Dunbar died in 1990 age 29 of a brain haemorrhage, so one can only guess what she might have made of the current furore. In fact, it's difficult to imagine her being anything less than delighted with Wasserberg and a uniformly ace cast's purchase on the Bradford-set play's self-described "report from the front line" of Thatcher-era Britain, yes, but also of those ever-blurry parameters of human behaviour that transcend specifics of time and place. (Film buffs may recall the 1987 screen version, with a cast including Lesley Sharp and Happy Valley's Siobhan Finneran.) The first of the play's many short, often stinging scenes is a marvel of construction. With an economy that you don't learn in writing class, Dunbar introduces the complicated tripartite web of desire, playfulness and desperation that exists between the 27-year-old and married Bob (TV name James Atherton in an altogether smashing stage turn) and the two 15-year-old teenagers to whom he is giving a lift home from a babysitting gig. After initial banter involving such unknown (to the young Rita and Sue, anyway) words as Durex, Bob drops his trousers first for Sue (Gemma Dobson) and then Rita (Taj Atwal). "His legs weren't half hairy," is Rita's succinct after-the-fact appraisal of the event, her admission that it hurt a bit along the way swept up in both women's self-evident excitement and expectation that these vehicular liaisons with Bob will happen again. As indeed they do, Bob's cockiness opening unto a poignant and contagious bewilderment. (Pictured above: James Atherton with Samantha Robinson)

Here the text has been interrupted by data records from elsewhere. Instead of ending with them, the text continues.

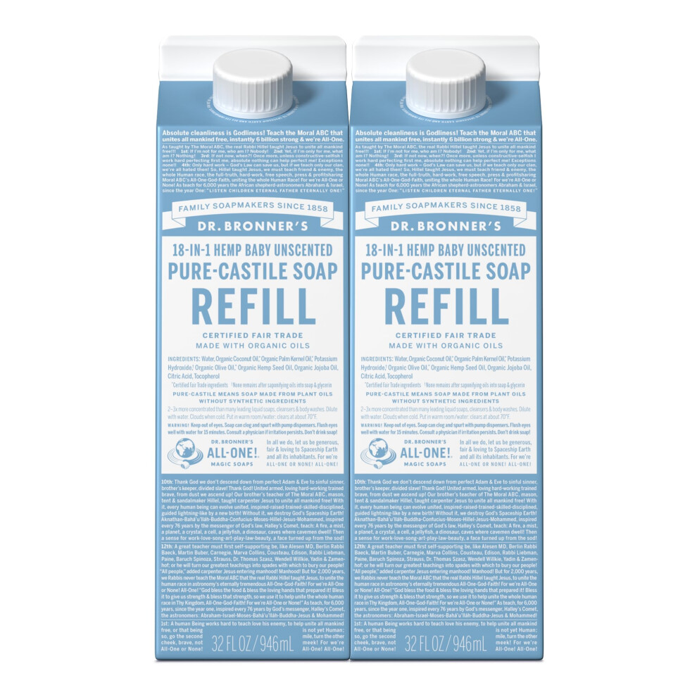 Dr. Bronner's Pure-Castile Liquid Soap Refill (Baby Unscented 32oz Pack of 2)
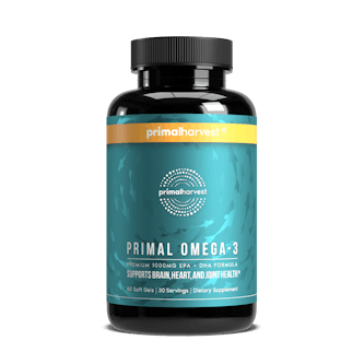Primal Omega-3 by Primal Harvest presents a high-quality fish oil supplement, featuring a robust blend of 750 mg marine lipid oil, 600 mg of EPA, 400 mg of DHA, and 4 mg of vitamin E. This omega-3 formulation is encapsulated in easy-to-swallow softgels, designed to eliminate the common issue of fishy aftertaste. With a straightforward serving size of two softgels daily, this supplement seamlessly integrates into most wellness regimens.
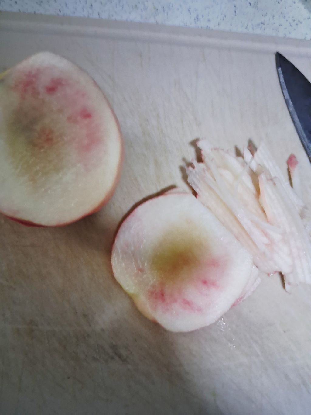 고명으로 올릴 복숭아 째썰어서 준비했어융...
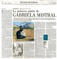 La primera patria de Gabriela Mistral [artículo] / Roger Velázquez. El Mercurio (Diario : Santiago, Chile)-- feb. 10, 2019, p. E8 (suplemento "Artes y Letras""Revista de Libros") 1 página : ilustración en color. .
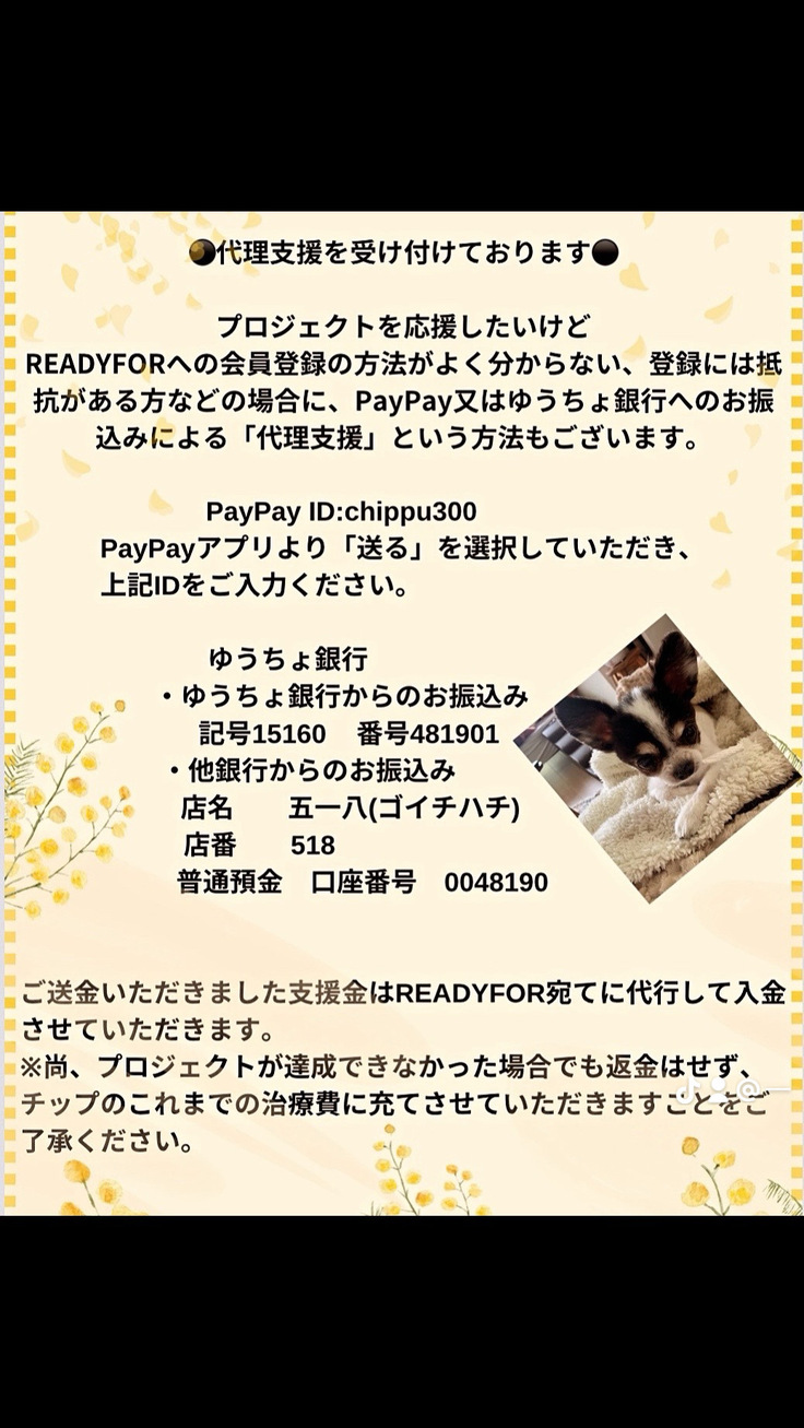 (For people who want to support our project but do not know how to register on the READYFOR platform, or do not want to register on a platform, we also accept alternative payment methods for donations as PayPay or bank transfers through Yucho Bank.Please send your donations to this PayPay ID: chippu300You can use the option "Send" in the app PayPay and use the ID mentioned above to send a donation.For bank transfer with Yucho Bank:From Yucho bank accounts:Postal code: 15160 Account No: 4841901From other banks:Bank: Yucho Bank (Postal Savings)Branch No: 518Account No: 0048190All the money that will be sent will be sent to READYFOR for the whole funding processNote: If the project cannot be fulfilled, all the money collected thus far will be used for Chip’s health expenditures and no refunds will be possible.)
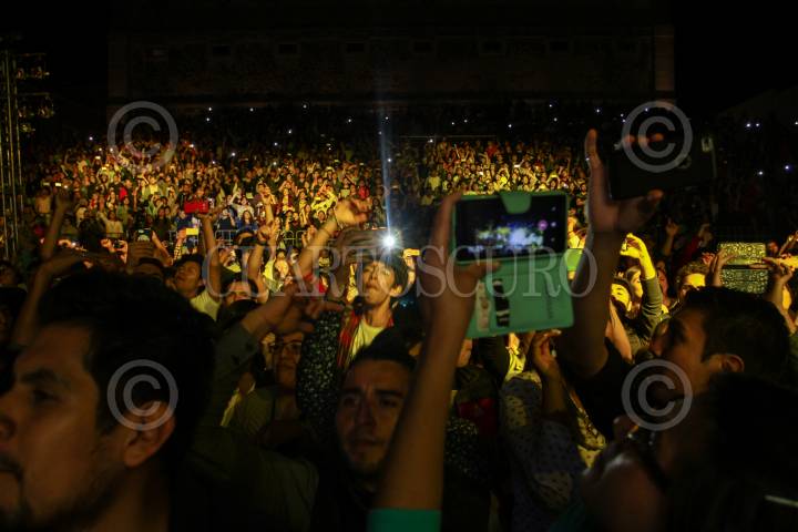 GUANAJUATO, GUANAJUATO, 21OCTUBRE2015.- Como parte de los eventos la 43 edición del Festival Internacional Cervantino, A Band Of Bitches ofreció un concierto lleno de energia y ritmos que van desde el punk hasta el mambo. Jonás –ex Plastilina Mosh– y su banda se encargaron de encender los ánimos de cientos de espectadores en la explanada de la Alhóndiga de Granaditas. FOTO: ISABEL MATEOS /CUARTOSCURO.COM

Rita, the more questioning of the two, pauses to wonder what Bob's wife, Michelle, might make of her husband's antics, which is to engage qualms that don't bother the feistier Sue. (Both actresses delineate with hairpin precision what unites Rita and Sue, as well as what will come to divide them.) Across nine further scenes, Dunbar chronicles the shifting affections and alliances in which Samantha Robinson's incisively acted Michelle turns out to be fully alert to her husband's philandering ways, even if she can't always square his own reported self-reckoning with what she intuits to be true. (Bob, we learn, is a very emphatic liar.) At the same time, the older generation is given brilliant voice by Sue's caring if surpassingly tart-tongued mum (Sally Bankes has a field day with this gift of a part) and an oafish, beer-swilling dad (David Walker) who has driven both his wife and daughter to a place of undisguised disgust. (Pictured above: David Walker and Sally Bankes)
References along the way to Maggie T locate the action (so, too, does a soundscape given over to the music of, among others, Soft Cell), without once allowing preachiness to get the better of characters who acknowledge the less hopeful aspects of their environs while sharing as many laughs as the vagaries of an ever-evolving scenario will allow. Wasserberg keeps proceedings moving fluently across 80 uninterrupted minutes, the cast repositioning the furniture while the backdrop of Tim Shortall's set keeps the West Yorkshire horizons in bleakly twinkly view throughout. At times, one feels Dunbar eliding a character choice or too, or compressing a narrative so buoyantly conceived that this is that rare play that genuinely feels as if it could be longer. One comes away newly saddened at Dunbar's too-short life yet grateful to have a chance to experience a timeless talent.